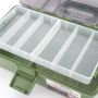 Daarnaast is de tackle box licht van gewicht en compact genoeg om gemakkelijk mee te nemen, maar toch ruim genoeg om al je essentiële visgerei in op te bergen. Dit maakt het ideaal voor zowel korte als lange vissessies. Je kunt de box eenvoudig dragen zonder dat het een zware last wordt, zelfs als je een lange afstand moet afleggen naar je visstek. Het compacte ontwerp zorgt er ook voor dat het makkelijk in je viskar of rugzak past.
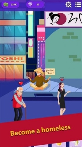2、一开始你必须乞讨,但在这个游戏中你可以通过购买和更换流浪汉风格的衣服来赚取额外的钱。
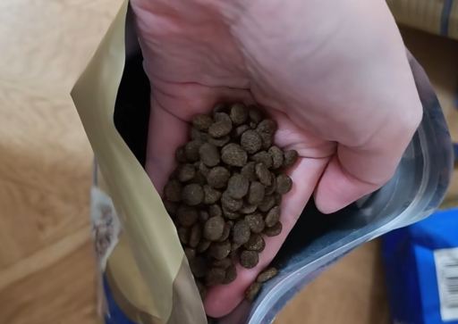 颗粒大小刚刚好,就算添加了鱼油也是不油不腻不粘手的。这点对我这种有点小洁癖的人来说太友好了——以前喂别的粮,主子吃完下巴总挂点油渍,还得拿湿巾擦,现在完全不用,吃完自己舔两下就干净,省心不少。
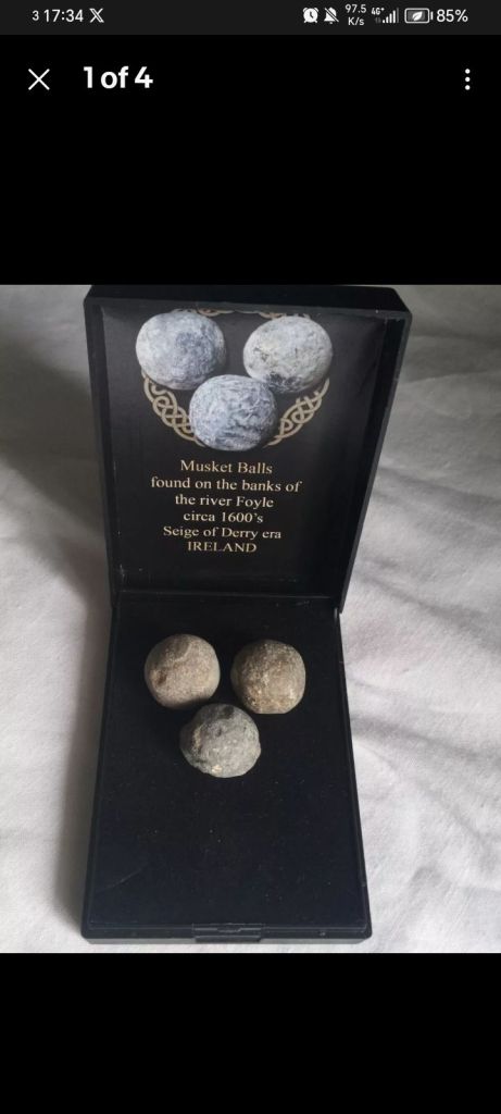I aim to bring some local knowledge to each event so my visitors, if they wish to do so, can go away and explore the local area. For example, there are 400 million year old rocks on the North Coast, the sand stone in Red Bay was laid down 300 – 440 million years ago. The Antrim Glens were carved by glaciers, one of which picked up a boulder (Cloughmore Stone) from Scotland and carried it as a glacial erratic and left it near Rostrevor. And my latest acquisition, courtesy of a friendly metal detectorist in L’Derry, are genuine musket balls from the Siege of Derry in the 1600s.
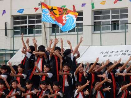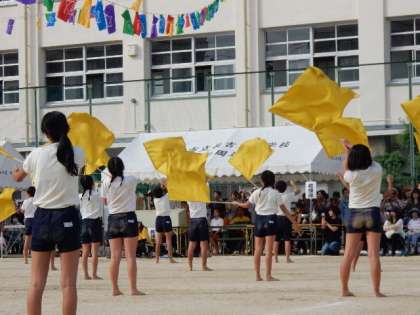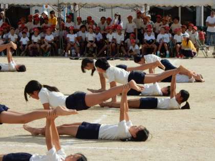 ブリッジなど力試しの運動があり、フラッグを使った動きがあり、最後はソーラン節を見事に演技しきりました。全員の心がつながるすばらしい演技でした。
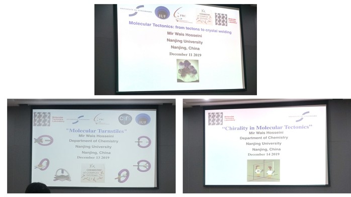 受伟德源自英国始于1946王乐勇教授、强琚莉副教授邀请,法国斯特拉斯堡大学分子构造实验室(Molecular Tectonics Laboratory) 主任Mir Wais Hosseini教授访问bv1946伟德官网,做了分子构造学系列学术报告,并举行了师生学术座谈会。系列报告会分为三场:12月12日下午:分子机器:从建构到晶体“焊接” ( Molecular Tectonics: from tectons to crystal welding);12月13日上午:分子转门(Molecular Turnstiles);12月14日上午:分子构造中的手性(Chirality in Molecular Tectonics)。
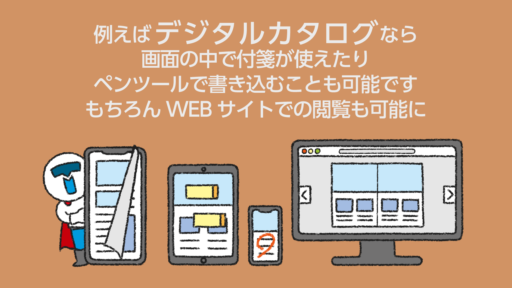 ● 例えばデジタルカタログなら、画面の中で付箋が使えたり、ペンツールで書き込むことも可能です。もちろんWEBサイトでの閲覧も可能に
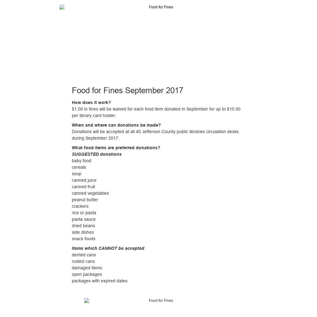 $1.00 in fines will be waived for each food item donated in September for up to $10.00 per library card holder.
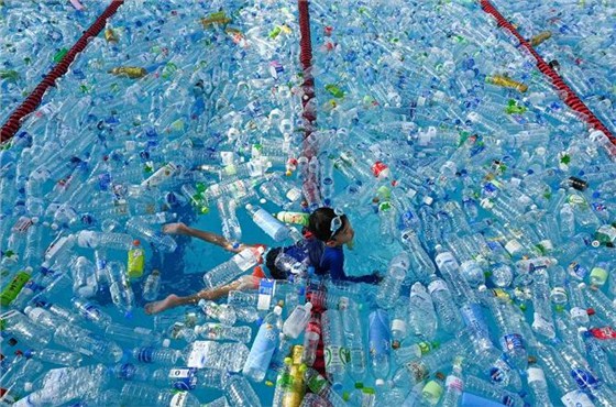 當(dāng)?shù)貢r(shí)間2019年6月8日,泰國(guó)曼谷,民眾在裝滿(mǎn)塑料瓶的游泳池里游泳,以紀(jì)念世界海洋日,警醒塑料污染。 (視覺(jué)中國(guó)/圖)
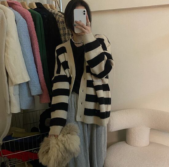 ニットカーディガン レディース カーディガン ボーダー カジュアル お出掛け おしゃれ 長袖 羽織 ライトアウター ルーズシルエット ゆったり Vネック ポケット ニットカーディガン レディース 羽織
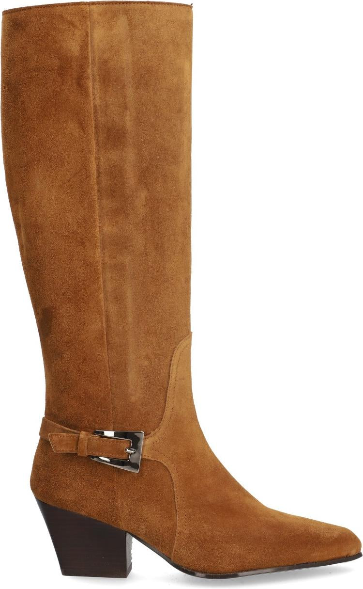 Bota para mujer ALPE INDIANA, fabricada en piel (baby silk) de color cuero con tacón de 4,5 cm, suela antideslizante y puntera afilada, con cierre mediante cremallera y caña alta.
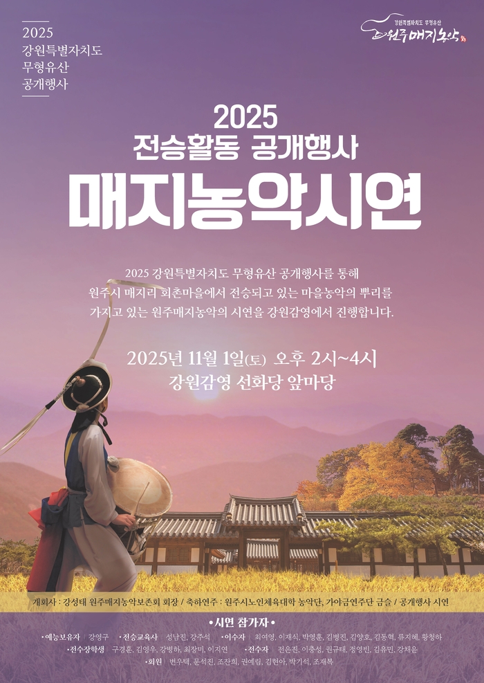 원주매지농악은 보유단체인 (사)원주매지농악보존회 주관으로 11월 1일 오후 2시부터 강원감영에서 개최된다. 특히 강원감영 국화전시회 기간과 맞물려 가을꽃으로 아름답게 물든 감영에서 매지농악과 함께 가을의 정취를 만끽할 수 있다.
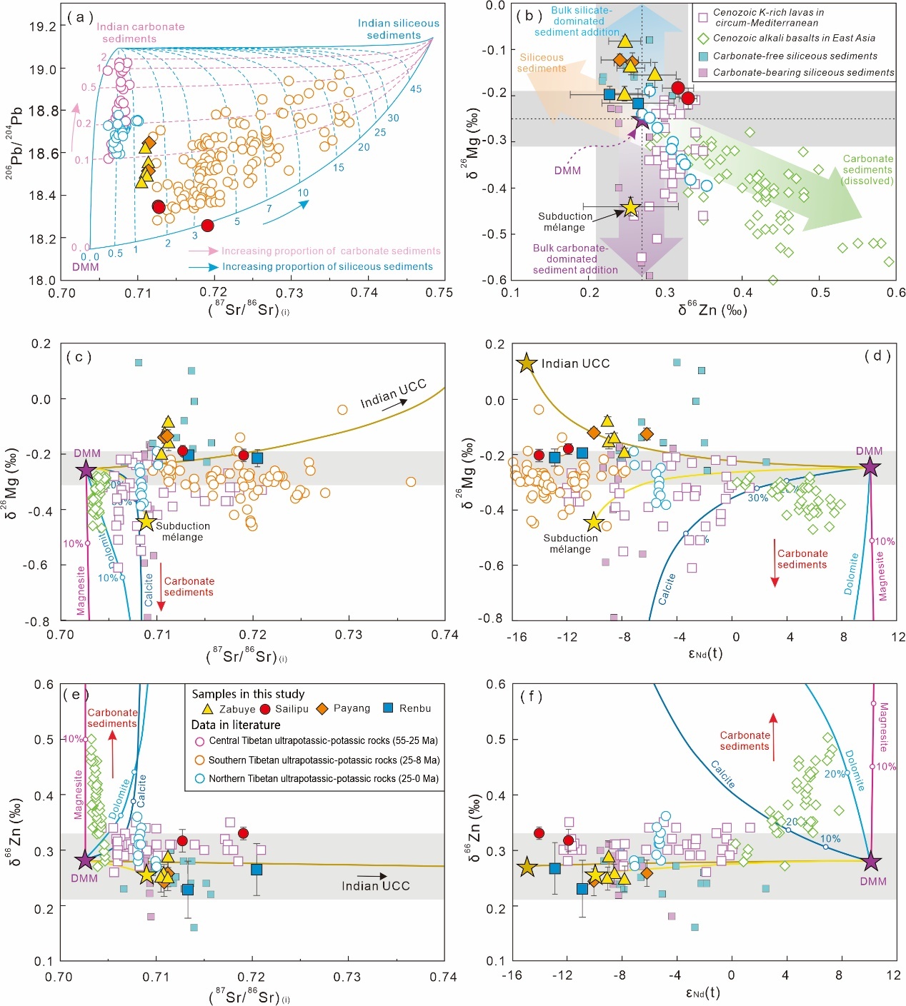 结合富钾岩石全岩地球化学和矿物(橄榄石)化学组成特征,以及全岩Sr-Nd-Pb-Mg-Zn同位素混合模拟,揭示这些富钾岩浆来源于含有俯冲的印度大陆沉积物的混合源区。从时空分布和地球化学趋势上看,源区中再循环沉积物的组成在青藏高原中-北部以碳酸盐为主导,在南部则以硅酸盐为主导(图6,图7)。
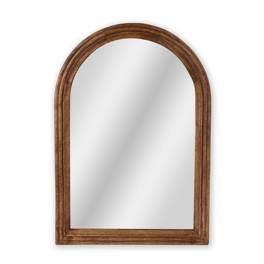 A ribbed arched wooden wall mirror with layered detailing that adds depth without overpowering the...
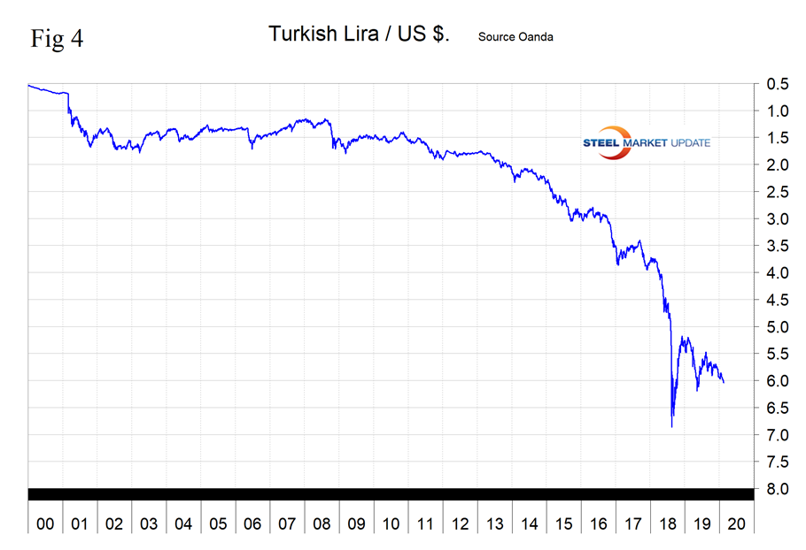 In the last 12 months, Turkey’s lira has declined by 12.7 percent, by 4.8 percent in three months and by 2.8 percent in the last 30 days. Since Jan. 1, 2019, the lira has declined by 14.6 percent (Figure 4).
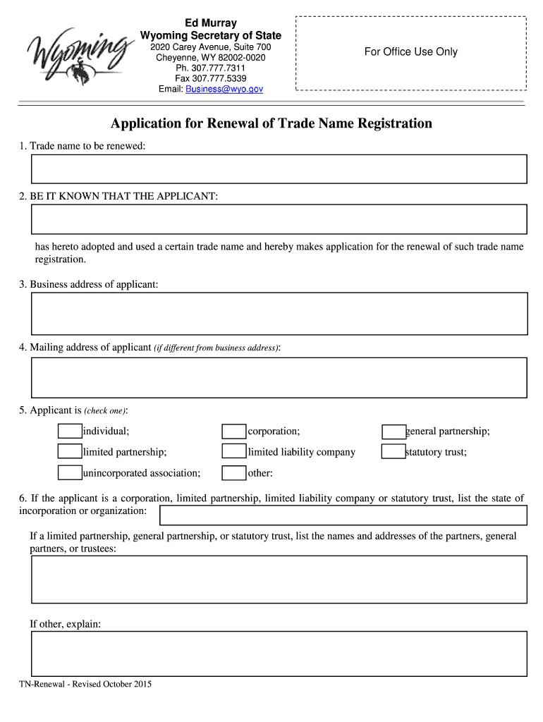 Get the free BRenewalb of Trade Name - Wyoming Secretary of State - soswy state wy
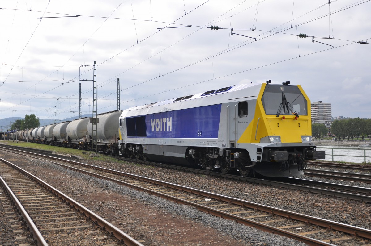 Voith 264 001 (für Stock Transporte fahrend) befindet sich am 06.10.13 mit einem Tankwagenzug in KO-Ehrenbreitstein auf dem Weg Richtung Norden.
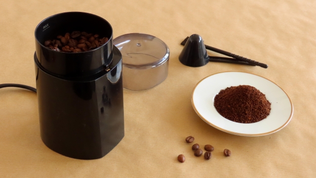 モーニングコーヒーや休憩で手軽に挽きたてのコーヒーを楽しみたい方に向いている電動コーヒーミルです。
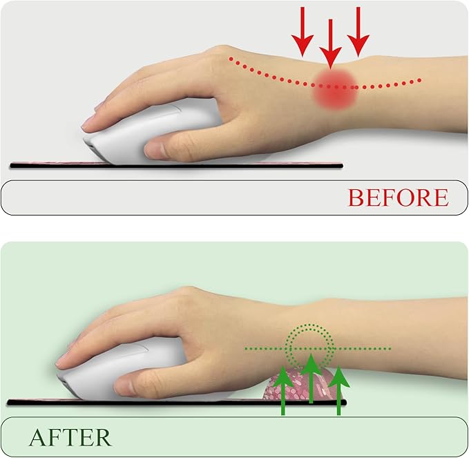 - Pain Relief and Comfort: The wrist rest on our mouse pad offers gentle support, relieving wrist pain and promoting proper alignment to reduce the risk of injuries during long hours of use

-- What needs to be done --
Write out again exactly the lines above from the one with "當(dāng)?shù)貢r" through the one with "Bota para mujer", adding no other lines and no pictures.

-- Exercise response --
 當(dāng)?shù)貢r(shí)間2019年6月8日,泰國(guó)曼谷,民眾在裝滿(mǎn)塑料瓶的游泳池里游泳,以紀(jì)念世界海洋日,警醒塑料污染。 (視覺(jué)中國(guó)/圖)
 ニットカーディガン レディース カーディガン ボーダー カジュアル お出掛け おしゃれ 長袖 羽織 ライトアウター ルーズシルエット ゆったり Vネック ポケット ニットカーディガン レディース 羽織
 Bota para mujer ALPE INDIANA, fabricada en piel (baby silk) de color cuero con tacón de 4,5 cm, suela antideslizante y puntera afilada, con cierre mediante cremallera y caña alta.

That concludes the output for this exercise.